Information supplied
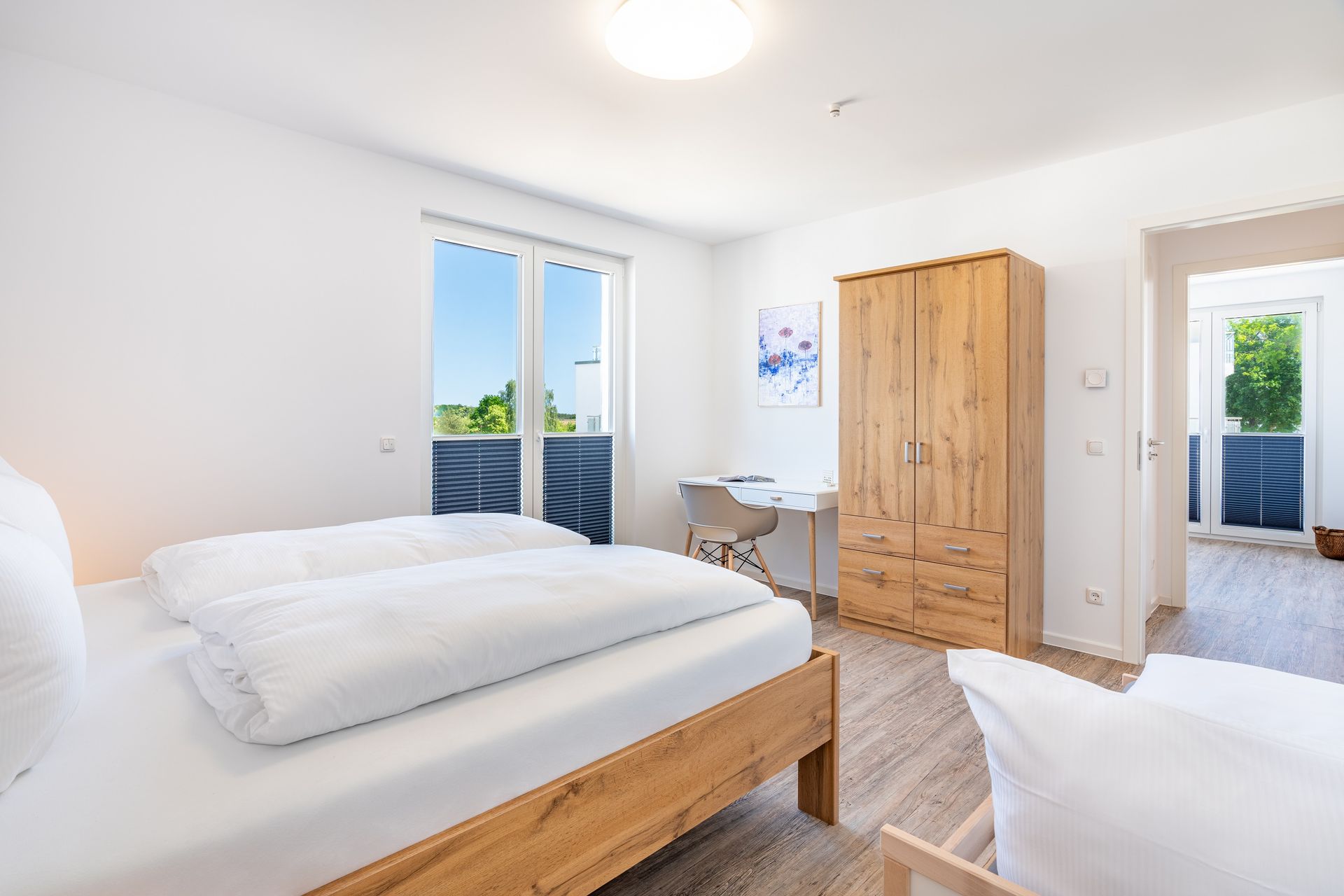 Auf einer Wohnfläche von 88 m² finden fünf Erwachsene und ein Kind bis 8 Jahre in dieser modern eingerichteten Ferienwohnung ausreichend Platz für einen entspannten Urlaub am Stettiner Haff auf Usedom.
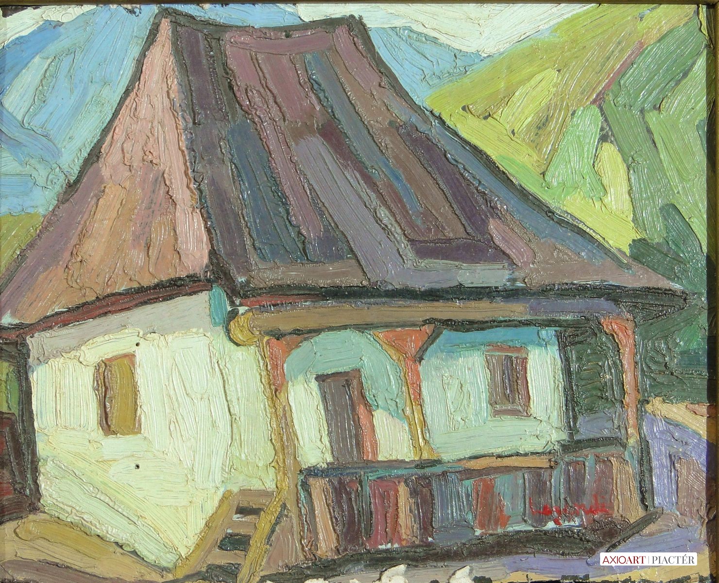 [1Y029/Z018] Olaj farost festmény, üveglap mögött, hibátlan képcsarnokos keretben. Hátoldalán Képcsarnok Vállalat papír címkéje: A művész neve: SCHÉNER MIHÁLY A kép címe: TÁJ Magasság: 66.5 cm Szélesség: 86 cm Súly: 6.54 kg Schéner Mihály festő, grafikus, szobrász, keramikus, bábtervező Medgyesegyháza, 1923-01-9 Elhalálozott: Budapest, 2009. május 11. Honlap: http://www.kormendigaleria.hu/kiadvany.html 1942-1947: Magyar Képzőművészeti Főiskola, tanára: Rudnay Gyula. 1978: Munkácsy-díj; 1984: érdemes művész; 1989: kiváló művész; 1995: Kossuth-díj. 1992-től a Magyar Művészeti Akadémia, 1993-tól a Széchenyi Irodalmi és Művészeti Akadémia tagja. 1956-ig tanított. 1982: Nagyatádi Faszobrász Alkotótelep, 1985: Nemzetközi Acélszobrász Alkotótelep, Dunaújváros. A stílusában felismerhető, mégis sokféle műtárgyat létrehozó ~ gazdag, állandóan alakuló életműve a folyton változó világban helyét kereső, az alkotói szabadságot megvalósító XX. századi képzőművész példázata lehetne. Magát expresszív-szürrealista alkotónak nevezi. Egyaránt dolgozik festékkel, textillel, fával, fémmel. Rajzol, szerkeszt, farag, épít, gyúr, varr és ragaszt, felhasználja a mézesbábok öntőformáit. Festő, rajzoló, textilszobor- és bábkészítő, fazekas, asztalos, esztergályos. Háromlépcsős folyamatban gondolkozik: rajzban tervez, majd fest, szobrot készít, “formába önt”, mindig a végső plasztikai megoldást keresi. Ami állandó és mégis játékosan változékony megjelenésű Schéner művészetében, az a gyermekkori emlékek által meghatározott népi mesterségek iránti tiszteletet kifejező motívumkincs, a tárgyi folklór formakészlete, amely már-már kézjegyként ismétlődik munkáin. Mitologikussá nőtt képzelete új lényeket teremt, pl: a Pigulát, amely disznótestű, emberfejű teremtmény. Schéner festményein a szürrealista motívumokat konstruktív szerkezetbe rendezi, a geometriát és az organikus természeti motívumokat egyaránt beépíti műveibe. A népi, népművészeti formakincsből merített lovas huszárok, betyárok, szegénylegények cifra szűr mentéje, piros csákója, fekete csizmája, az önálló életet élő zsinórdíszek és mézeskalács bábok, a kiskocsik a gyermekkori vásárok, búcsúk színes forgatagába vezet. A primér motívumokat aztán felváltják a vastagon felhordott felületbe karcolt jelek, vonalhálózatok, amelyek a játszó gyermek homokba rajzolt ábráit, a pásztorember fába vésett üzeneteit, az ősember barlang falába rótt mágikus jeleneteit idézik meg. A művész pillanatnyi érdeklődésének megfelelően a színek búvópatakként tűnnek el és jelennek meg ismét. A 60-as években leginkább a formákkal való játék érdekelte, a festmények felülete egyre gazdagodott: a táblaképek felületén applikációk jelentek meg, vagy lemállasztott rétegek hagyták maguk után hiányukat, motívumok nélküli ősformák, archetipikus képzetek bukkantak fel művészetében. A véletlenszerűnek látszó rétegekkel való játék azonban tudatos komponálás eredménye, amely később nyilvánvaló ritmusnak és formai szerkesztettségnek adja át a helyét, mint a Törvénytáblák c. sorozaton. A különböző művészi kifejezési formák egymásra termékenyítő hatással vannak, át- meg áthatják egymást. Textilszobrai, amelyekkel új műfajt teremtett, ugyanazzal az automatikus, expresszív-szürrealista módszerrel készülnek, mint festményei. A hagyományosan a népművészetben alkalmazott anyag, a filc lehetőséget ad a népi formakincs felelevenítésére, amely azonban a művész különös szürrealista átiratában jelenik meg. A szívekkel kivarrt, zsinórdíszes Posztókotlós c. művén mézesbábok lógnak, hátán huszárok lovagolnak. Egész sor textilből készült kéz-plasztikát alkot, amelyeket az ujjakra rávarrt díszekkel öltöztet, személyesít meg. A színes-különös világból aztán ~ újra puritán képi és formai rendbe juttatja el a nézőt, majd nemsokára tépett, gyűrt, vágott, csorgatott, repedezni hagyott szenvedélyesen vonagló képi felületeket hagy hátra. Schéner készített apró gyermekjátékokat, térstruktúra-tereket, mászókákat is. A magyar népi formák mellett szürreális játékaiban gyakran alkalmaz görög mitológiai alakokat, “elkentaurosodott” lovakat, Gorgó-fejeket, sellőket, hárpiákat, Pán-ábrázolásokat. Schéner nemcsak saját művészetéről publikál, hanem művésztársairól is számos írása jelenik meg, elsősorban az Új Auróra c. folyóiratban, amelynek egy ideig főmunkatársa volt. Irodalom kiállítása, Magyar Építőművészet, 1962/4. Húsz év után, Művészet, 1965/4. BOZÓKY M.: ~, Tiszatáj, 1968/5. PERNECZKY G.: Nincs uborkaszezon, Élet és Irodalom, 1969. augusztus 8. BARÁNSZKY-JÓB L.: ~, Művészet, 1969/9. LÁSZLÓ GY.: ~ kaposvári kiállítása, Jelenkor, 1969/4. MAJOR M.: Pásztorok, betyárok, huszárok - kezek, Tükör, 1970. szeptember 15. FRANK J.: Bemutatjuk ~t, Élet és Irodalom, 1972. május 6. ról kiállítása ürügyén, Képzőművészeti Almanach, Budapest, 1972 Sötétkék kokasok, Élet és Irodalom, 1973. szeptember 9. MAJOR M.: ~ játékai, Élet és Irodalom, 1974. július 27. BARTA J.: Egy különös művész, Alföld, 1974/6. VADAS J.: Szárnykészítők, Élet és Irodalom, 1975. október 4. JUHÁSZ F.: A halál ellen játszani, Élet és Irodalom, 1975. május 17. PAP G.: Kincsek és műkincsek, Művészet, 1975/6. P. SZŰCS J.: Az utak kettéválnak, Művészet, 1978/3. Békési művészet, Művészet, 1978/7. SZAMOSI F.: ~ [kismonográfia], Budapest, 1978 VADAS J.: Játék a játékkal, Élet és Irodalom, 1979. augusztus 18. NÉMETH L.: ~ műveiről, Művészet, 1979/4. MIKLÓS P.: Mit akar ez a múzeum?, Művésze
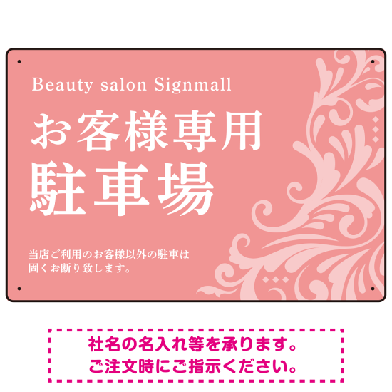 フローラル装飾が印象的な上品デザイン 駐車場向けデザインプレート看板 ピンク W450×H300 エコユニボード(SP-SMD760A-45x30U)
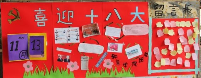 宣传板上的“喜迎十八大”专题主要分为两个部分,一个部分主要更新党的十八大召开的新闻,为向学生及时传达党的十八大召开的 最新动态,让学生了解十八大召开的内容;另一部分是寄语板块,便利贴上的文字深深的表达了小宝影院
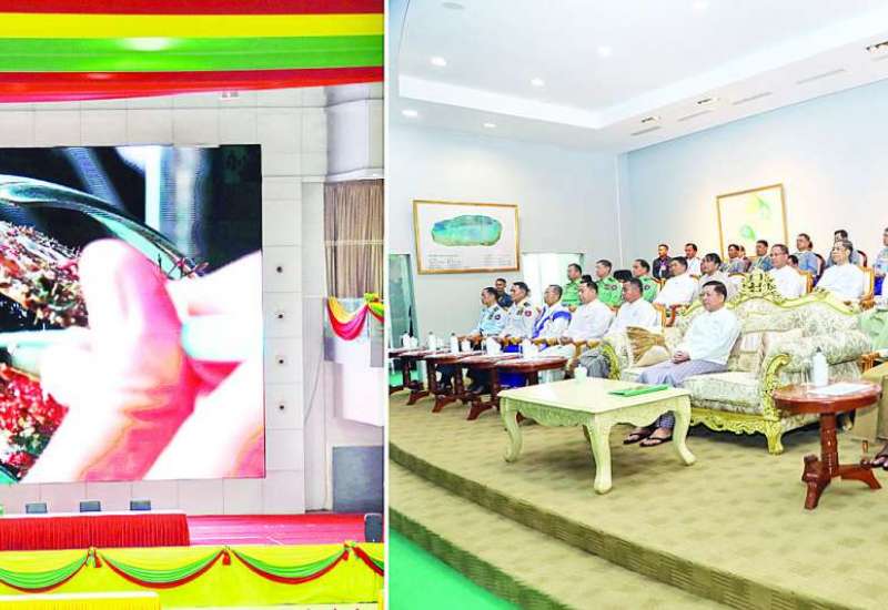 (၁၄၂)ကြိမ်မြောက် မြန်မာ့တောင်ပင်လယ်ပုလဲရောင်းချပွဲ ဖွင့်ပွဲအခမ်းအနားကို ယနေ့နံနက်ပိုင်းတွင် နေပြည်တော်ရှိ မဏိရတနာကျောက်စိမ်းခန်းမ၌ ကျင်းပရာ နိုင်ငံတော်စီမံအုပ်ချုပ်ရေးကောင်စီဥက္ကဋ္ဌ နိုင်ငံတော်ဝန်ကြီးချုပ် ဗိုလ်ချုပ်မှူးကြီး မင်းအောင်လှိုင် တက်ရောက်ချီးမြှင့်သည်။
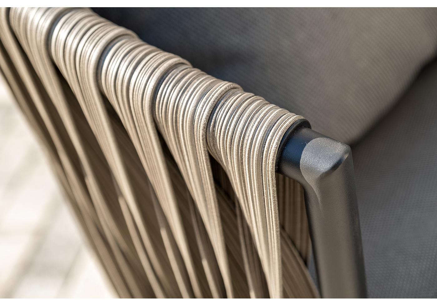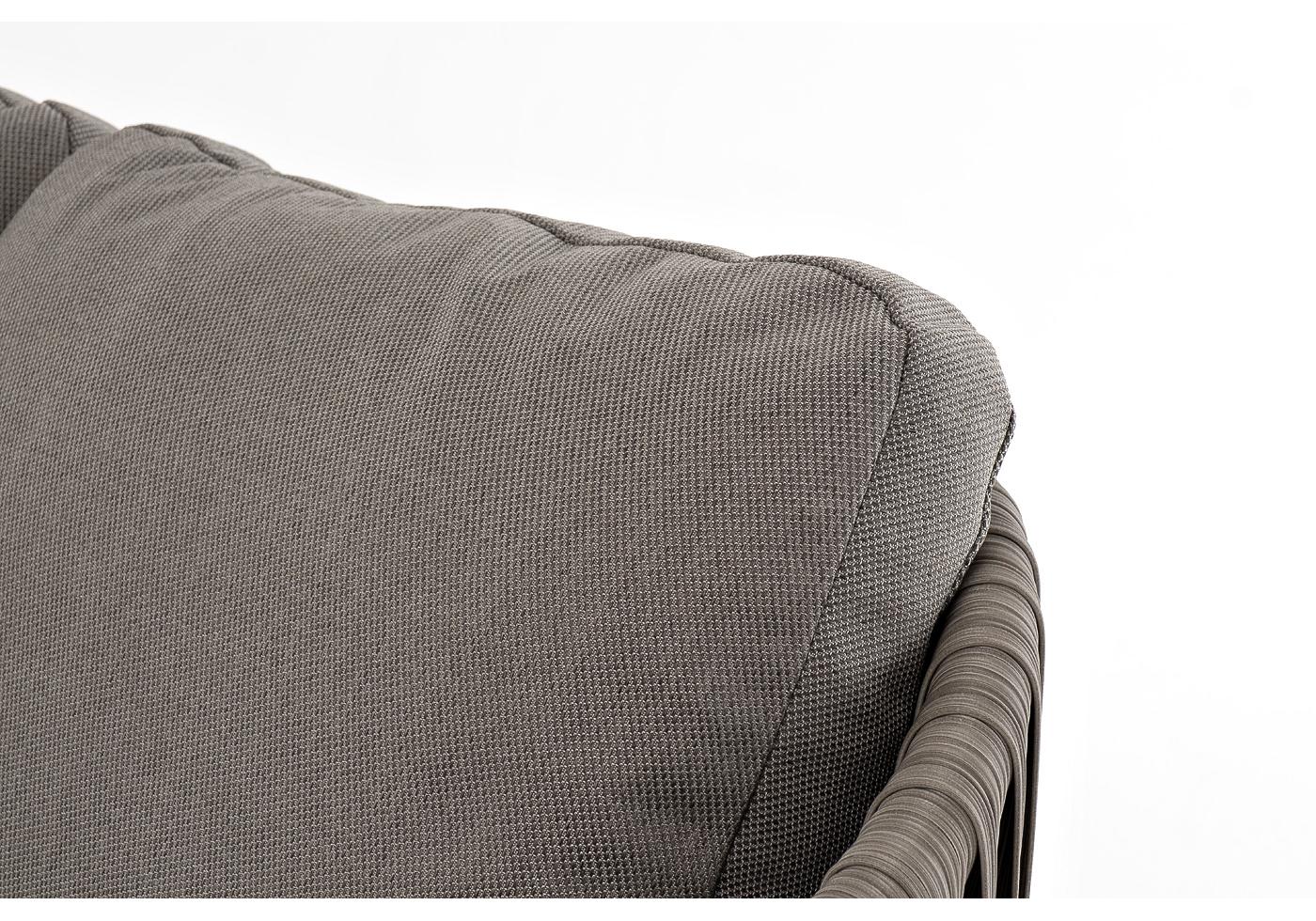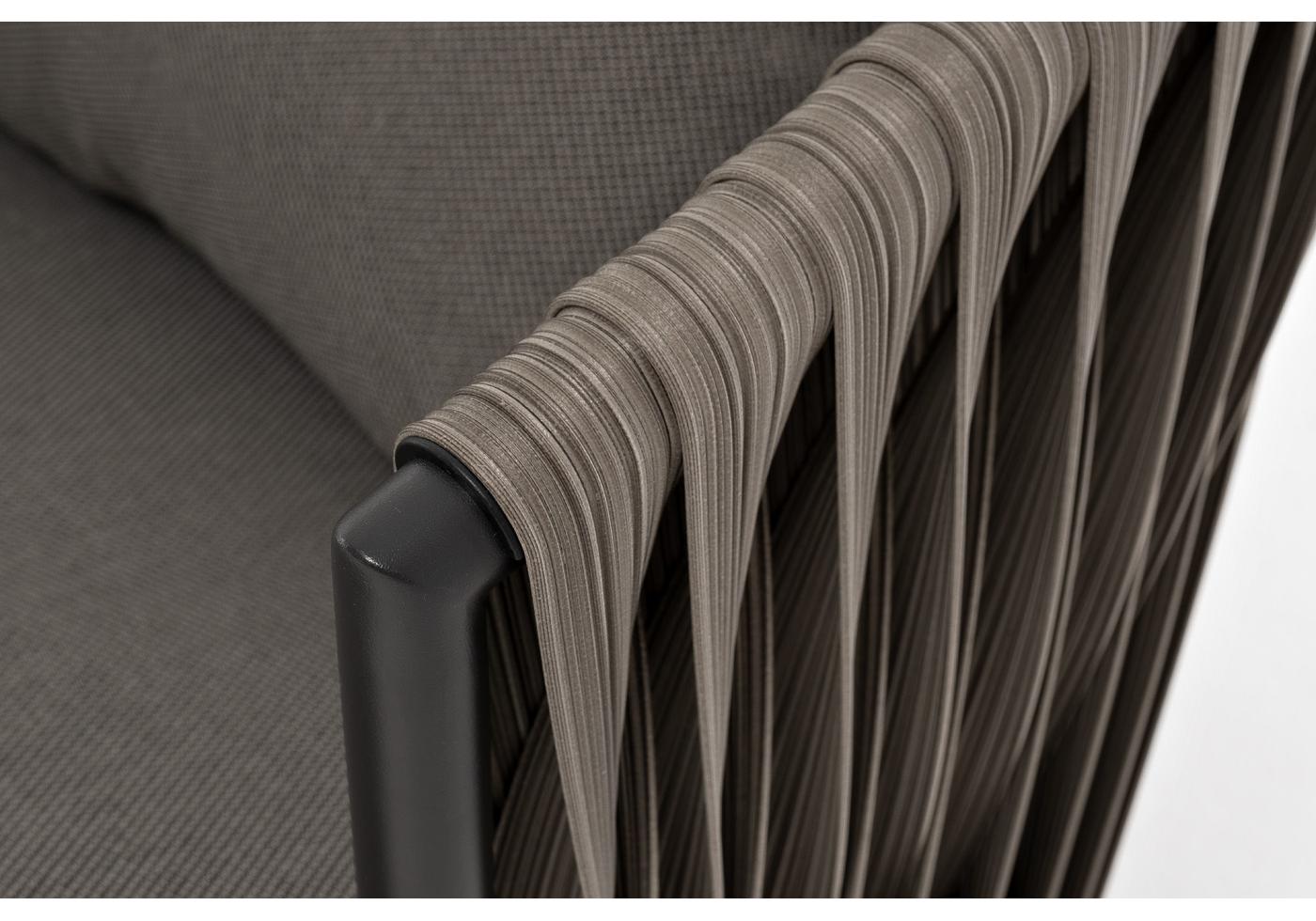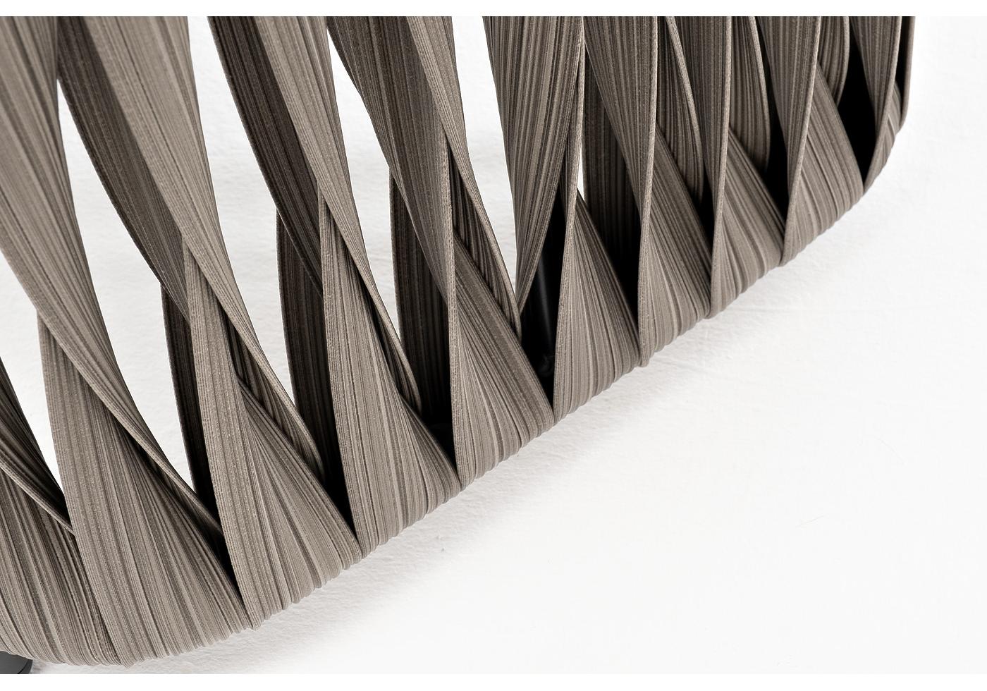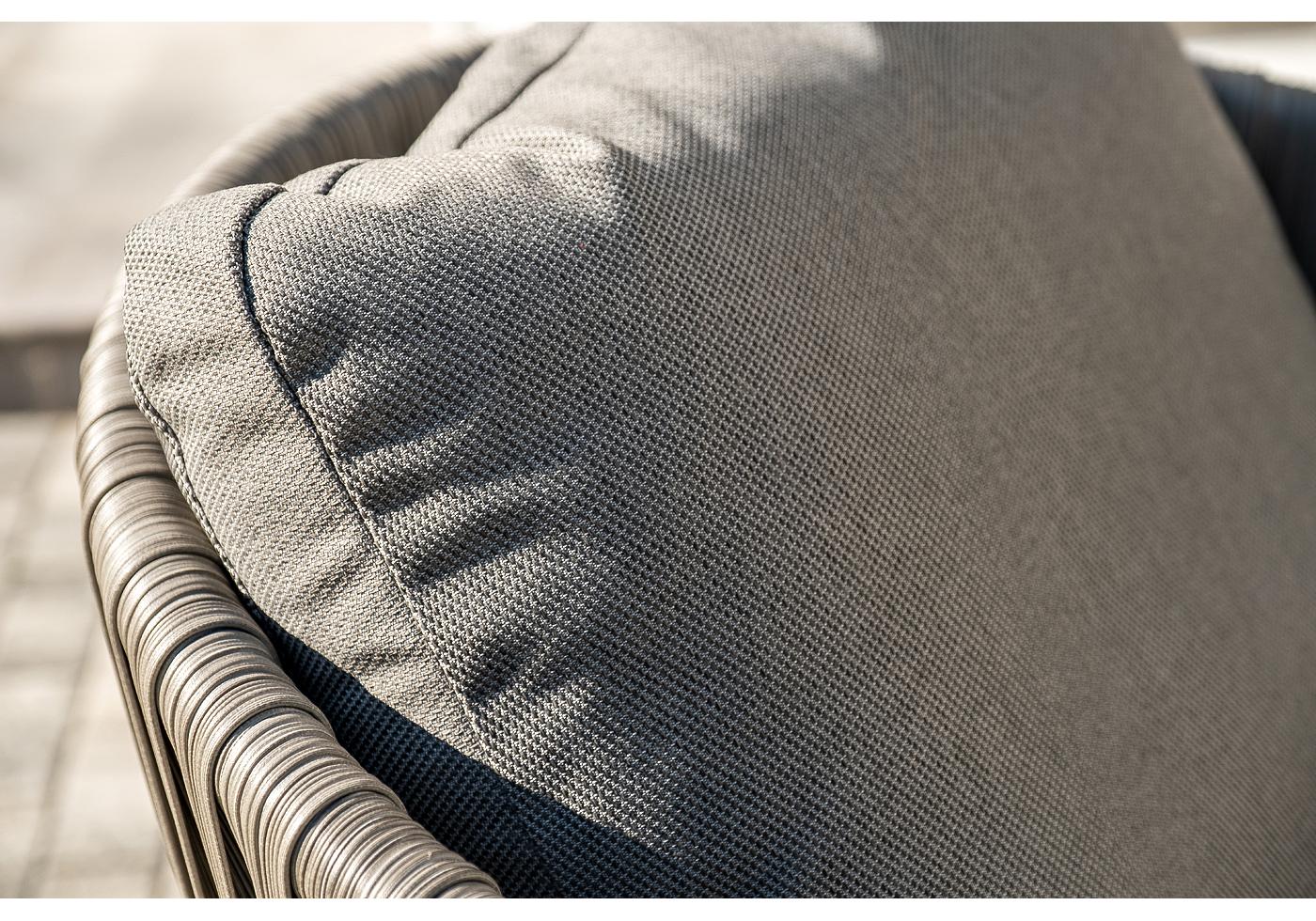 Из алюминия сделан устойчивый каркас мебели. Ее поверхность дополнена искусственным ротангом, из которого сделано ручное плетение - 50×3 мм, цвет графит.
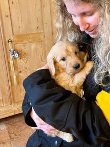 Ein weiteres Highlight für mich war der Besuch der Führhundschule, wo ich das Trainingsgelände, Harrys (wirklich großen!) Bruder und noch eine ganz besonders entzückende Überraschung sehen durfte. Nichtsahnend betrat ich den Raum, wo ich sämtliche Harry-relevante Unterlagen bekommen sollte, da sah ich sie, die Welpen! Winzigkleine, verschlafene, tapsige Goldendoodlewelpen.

Exercise
Within the listing above, extract exactly the lines that run from the one containing "フローラル装飾が印象的な上品デザイン 駐車場向けデザインプレート看板 ピンク" through the one containing "Из алюминия сделан", excluding any pictures.

Result of the exercise
 フローラル装飾が印象的な上品デザイン 駐車場向けデザインプレート看板 ピンク W450×H300 エコユニボード(SP-SMD760A-45x30U)
 宣传板上的“喜迎十八大”专题主要分为两个部分,一个部分主要更新党的十八大召开的新闻,为向学生及时传达党的十八大召开的 最新动态,让学生了解十八大召开的内容;另一部分是寄语板块,便利贴上的文字深深的表达了小宝影院
 (၁၄၂)ကြိမ်မြောက် မြန်မာ့တောင်ပင်လယ်ပုလဲရောင်းချပွဲ ဖွင့်ပွဲအခမ်းအနားကို ယနေ့နံနက်ပိုင်းတွင် နေပြည်တော်ရှိ မဏိရတနာကျောက်စိမ်းခန်းမ၌ ကျင်းပရာ နိုင်ငံတော်စီမံအုပ်ချုပ်ရေးကောင်စီဥက္ကဋ္ဌ နိုင်ငံတော်ဝန်ကြီးချုပ် ဗိုလ်ချုပ်မှူးကြီး မင်းအောင်လှိုင် တက်ရောက်ချီးမြှင့်သည်။
 Из алюминия сделан устойчивый каркас мебели. Ее поверхность дополнена искусственным ротангом, из которого сделано ручное плетение - 50×3 мм, цвет графит.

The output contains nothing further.